* Problem description *
Within the listing below, give again exactly the lines between the one containing "スプラッシュ・チャレンジ" and the one containing "SV EDITION TWO", inclusive, pictures left aside.

* Material for this exercise *

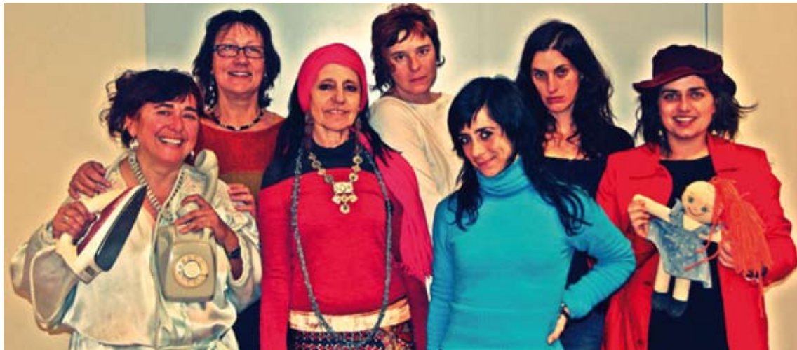
TEATRE. L'acte central serà la lectura d'un manifest
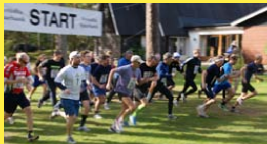
Riksmästerskap i terränglöpning i Kristianstad
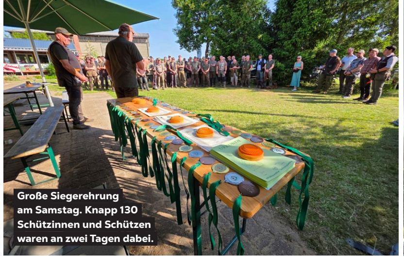
Große Siegerehrung am Samstag. Knapp 130 Schützinnen und Schützen waren an zwei Tagen dabei.
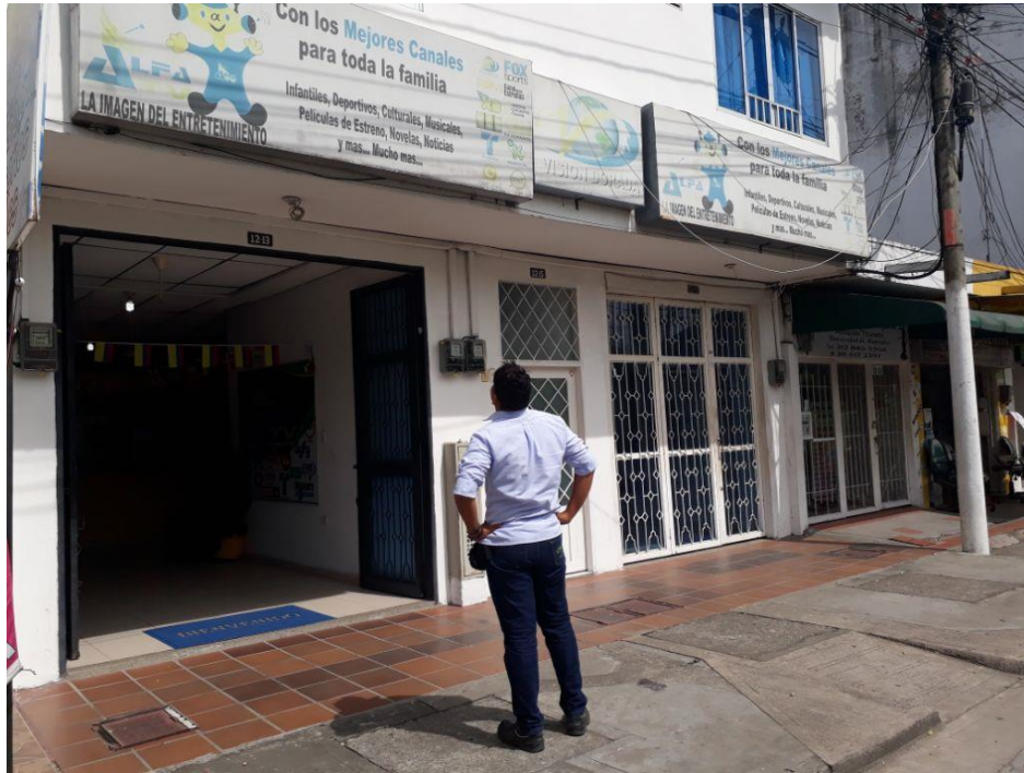
Registro Fotográfico 5.
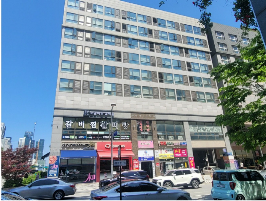
[ ( ) ]
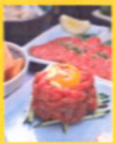
ミンクジラの バリ旨ユッケ 880円
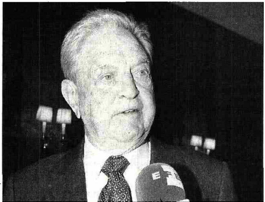
El financiero y filántropo George Soros

"En todos los países donde viven gitanos, la población autóctona les es hostil", según George Soros, que mañana en Córdoba destacará en un discurso que, a pesar de que se han tomado decisiones judiciales que ordenan que se hagan reformas, "se sigue
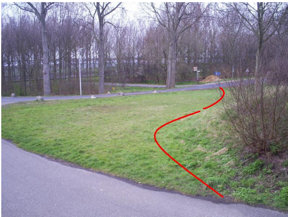
Figuur 4 Locatie (houtsnipper)pad
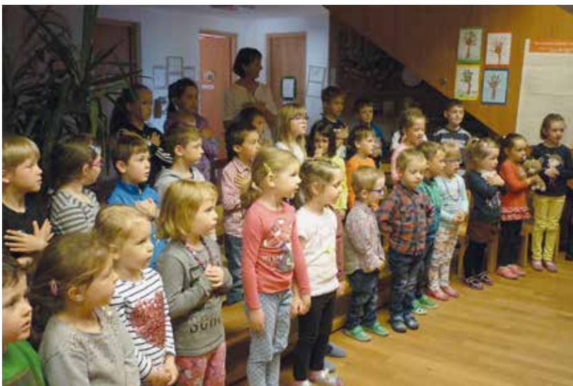
Kindergartenkinder und Schulkinder Laatsch

fen sich die Grundschüler von Burgeis und die Kinder der Kisi-Gruppe im Schulhof zu einem gemeinsamen Singen und Tanzen der Kisi-Lieder. Danach gestalteten die Kisi-Betreuer einen Workshop in Kleingruppen mit Impulsen zu Ostern. Ihre Freude und Begeisterung für Jesus übertrug sich auf alle Kinder, die aktiv mitmachten. Wir freuen uns, dass die Kisi-Gruppe aus Österreich unsere Gäste waren und uns durch ihre Freude und Begeisterung bereichert haben.
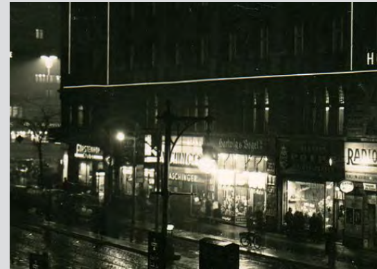
Aschinger-Filiale im Hotel Fürstenhof am Potsdamer Platz um 1936.

Einmal an einer endlosen Bretterwand entlang der Straße blieben wir staunend stehen und versuchten durch die schmale Fugen ins Innere zu sehen. Eine riesige Baugrube tat sich vor unseren Augen auf. Sofort kam ein älter-
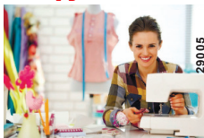
График работы: 5/2. Работа и заработная плата стабильные

Обращаться с 8.00 до 17.00 по тел.: 8-906-504-78-87, 8-966-322-66-22, 8-906-504-77-78 (Telegram, WhatsApp), 8-996-475-56-34
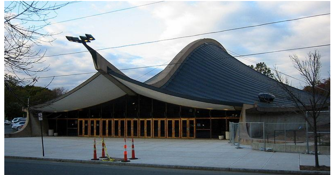
Каток «Цельский кит», Нью-Хейвен, США, 1958
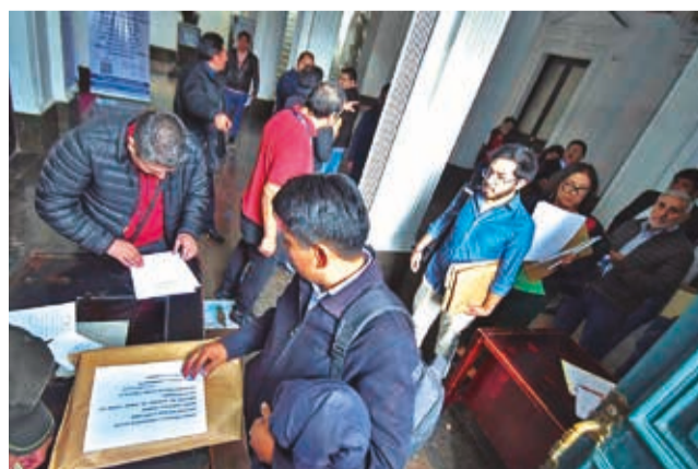
Miembros de comisión reciben los documentos de los postulantes al Órgano Judicial.

De acuerdo con la Sentencia Constitucional Plurinacional 0191/2024-S2, del 23 de mayo de 2024, se revoca la Resolución AP N° 004/2024 de 30 de abril de 2024, emiti-
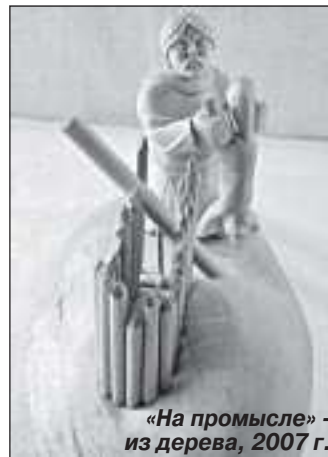
«На промысле» - из дерева, 2007 г.
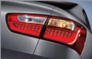
LED 리어 콤비네이션 램프
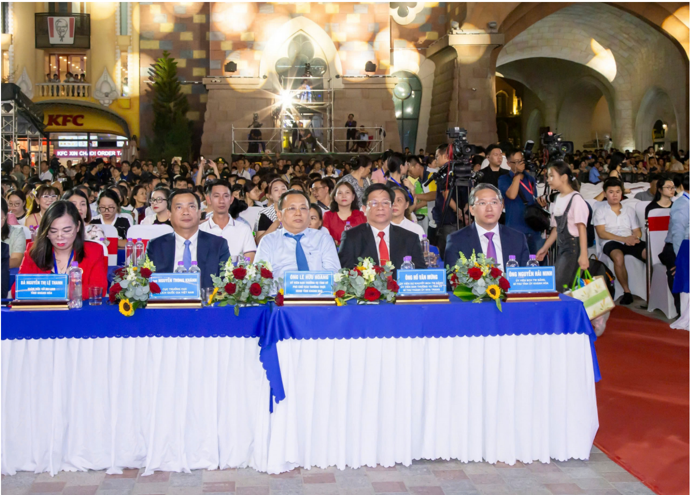
Các đại biểu tham dự chương trình

Ngày 3/8, tại TP. Nha Trang, đã diễn ra chương trình bế mạc Lễ hội Vịnh ánh sáng quốc tế Nha Trang 2024.
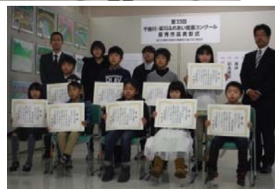
審査会・表彰式の様子
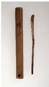
千利休作「茶杓 銘 ゆがみ」 桃山時代(16世紀) 永青文庫蔵

本能寺の変後、藤孝から細川家の家督を譲られた忠興。忠興は、千利休の高弟としても著名な茶人の顔をあわせもっています。忠興ゆかりの茶道具の名品をご紹介します。
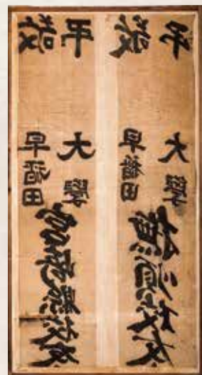
県民葬巡礼に使用されたのぼり旗
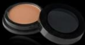
COLORETE POLVO COMPACTO Colorete compacto

Los ACABADOS marcan la diferencia en cualquier maquillaje ya que acaban de definir el volumen del rostro. Por eso la elección de un buen colorete o bronceador para contornear el rostro es muy importante.
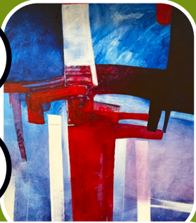
SALA LUISA ALBERCA
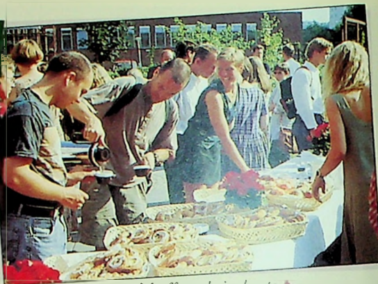
Populært med kaffe og kringle ute ▲

Nydelig vær, gudstjeneste og kirkecaffe ute i det fri ved semesteråpningen i august.
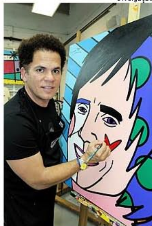
Romero Britto em seu ateliê
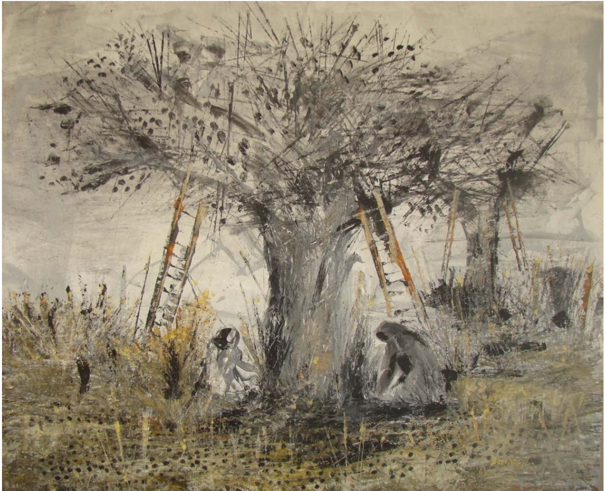
«Μάζεμα της ελιάς» 120cm X 140 cm, Μεικτή τεχνική, 2013
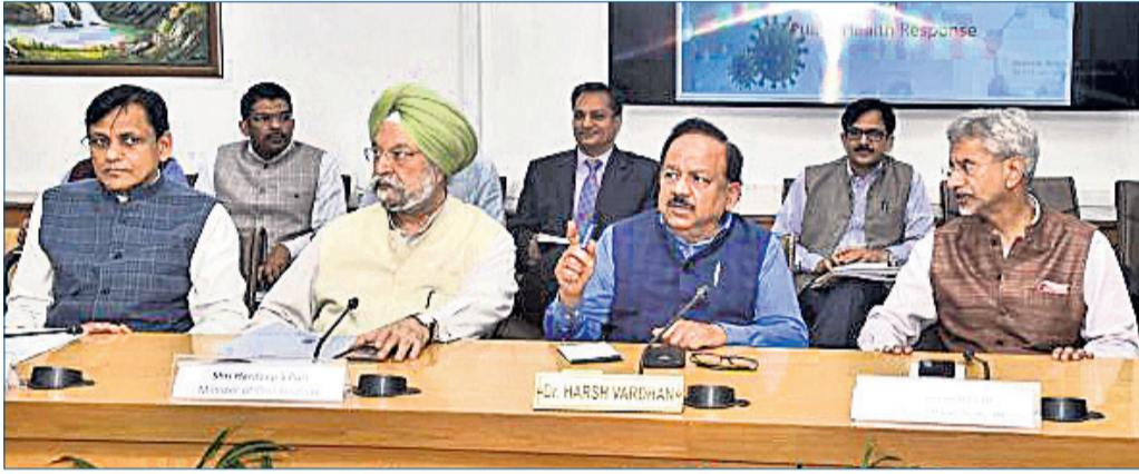
କରୋନା ଭାଇରସ୍ ସମ୍ପର୍କିତ ସମୀକ୍ଷା ବୈଠକରେ କେନ୍ଦ୍ର ସ୍ୱାସ୍ଥ୍ୟମନ୍ତ୍ରୀ ଡ. ହର୍ଷବର୍ଦ୍ଧନ ବିଜୟ ଅଧିକାରୀଙ୍କ ସହ ନୂଆଦିଲ୍ଲୀରେ ଆଲୋଚନା କରୁଛନ୍ତି। ନିକଟରେ ବହୁସଂଖ୍ୟାରେ ମୃତ୍ୟୁ ଏବଂ ଜନଶଙ୍କର ଉପସ୍ଥିତ ଅଛନ୍ତି।

ଭାରତରେ କରୋନା ଭାଇରସ୍ ଆକ୍ରାନ୍ତଙ୍କ ସଂଖ୍ୟା ବଡ଼ି ୨୮ ରେ ପହଞ୍ଚିଛି। ଏମାନଙ୍କ ମଧ୍ୟରେ ୧୬ ଜଣଙ୍କା ପର୍ଯ୍ୟଟକ ଅଛନ୍ତି ବୋଲି ସ୍ୱାସ୍ଥ୍ୟମନ୍ତ୍ରୀ ହର୍ଷବର୍ଦ୍ଧନ ରୁଧିରା ପ୍ରକାଶ କରିଛନ୍ତି। ବାହାର ଦେଶରୁ ଭାରତକୁ ଆସୁଥିବା ପ୍ରତ୍ୟେକ ଯାତ୍ରୀଙ୍କୁ ବିମାନବନ୍ଦରଗୁଡ଼ିକରେ କଡ଼ା ଯାଞ୍ଚ କରାଯାଇଥିବା ସେ କହିଛନ୍ତି। ଦିଲ୍ଲୀର ମୟୂରବିହାରରେ ଜଣେ ମୃତ୍ୟୁ (୪୫), ଆଗ୍ରାରେ ଥିବା ଡାକ୍ତର ୬ ସମ୍ପର୍କୀୟ କରୋନା ଭାଇରସ୍ରେ ଆକ୍ରାନ୍ତ ହେବା ପରେ ସେମାନଙ୍କୁ ସଫଟ୍ଟରୁଣ ହସ୍ତିଶାଳାରେ ଚିକିତ୍ସା କରାଯାଇଛି। ହାଇଦ୍ରାବାଦର ଜଣେ
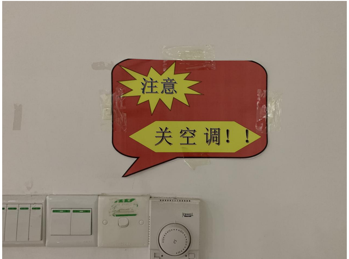
（公司内节约降耗标语一角）
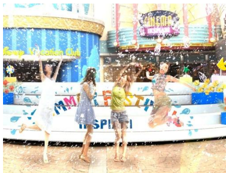
スプラッシュ・チャレンジ

大人も子どもも、誰と来ても「はしゃがずには、いられない」そんな夏休みイベント「イクスピアリ・サマーフェスティバル」で、最高に楽しい夏の思い出を作ってみてはいかがでしょうか。
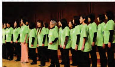
また華が咲く合唱団
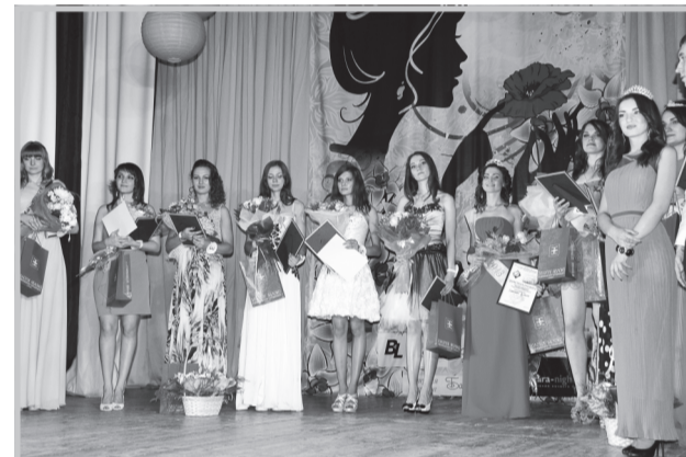
Самые красивые девушки политеха
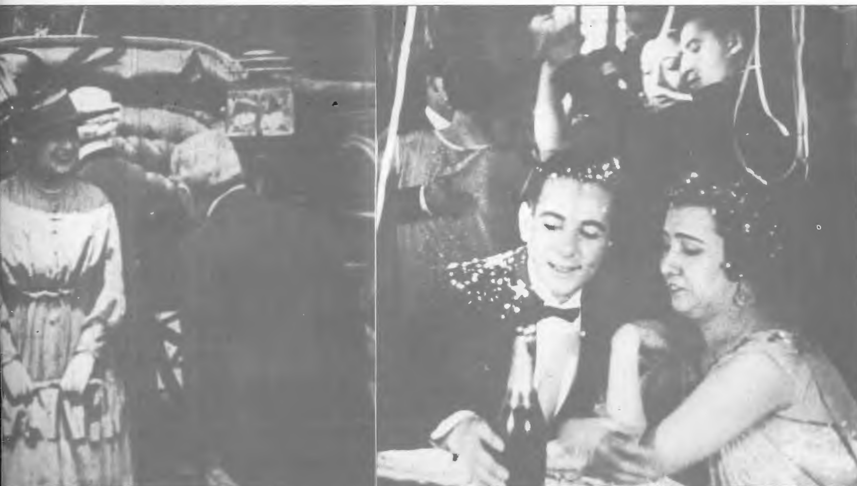
Ciente al archivo de la Filmoteca Valenciana
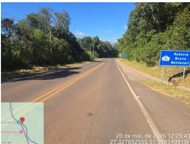
FT 01 – Rodovia SC 390 – Concórdia e Piratuba
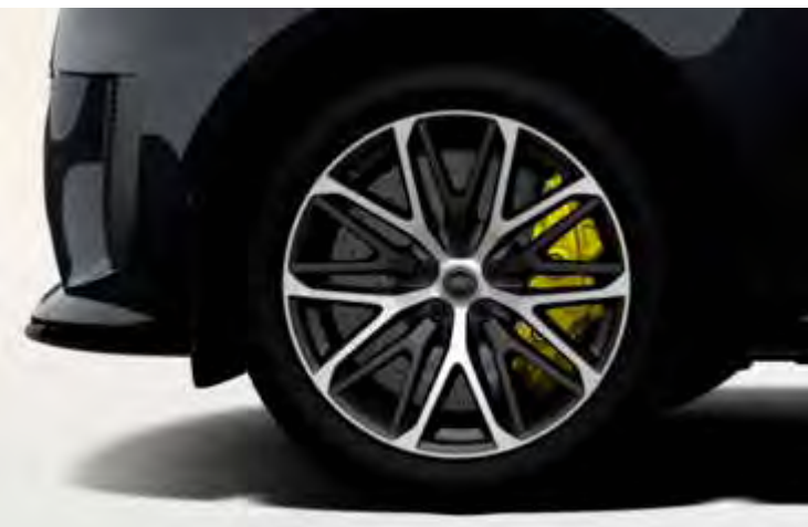
22" 'STYLE 1083' DIAMOND TURNED FINISH & CONTRAST SATIN DARK GREY Alleen voor Range Rover Sport SV EDITION TWO

Er is keuze uit een uitgebreid programma lichtmetalen velgen. De maten variëren van 20" tot een bijzonder aantrekkelijke 23". De markante designkenmerken voegen stuk voor stuk hun specifieke karakter toe aan de uitstraling van de auto. In de configurator op landover.nl kunt u zien welke velgen beschikbaar zijn voor uw gewenste uitvoering.
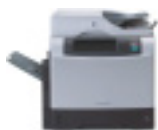
M4345 MFP (CB425A)

* Problem solution *
スプラッシュ・チャレンジ

大人も子どもも、誰と来ても「はしゃがずには、いられない」そんな夏休みイベント「イクスピアリ・サマーフェスティバル」で、最高に楽しい夏の思い出を作ってみてはいかがでしょうか。
また華が咲く合唱団
Самые красивые девушки политеха
Ciente al archivo de la Filmoteca Valenciana
FT 01 – Rodovia SC 390 – Concórdia e Piratuba
22" 'STYLE 1083' DIAMOND TURNED FINISH & CONTRAST SATIN DARK GREY Alleen voor Range Rover Sport SV EDITION TWO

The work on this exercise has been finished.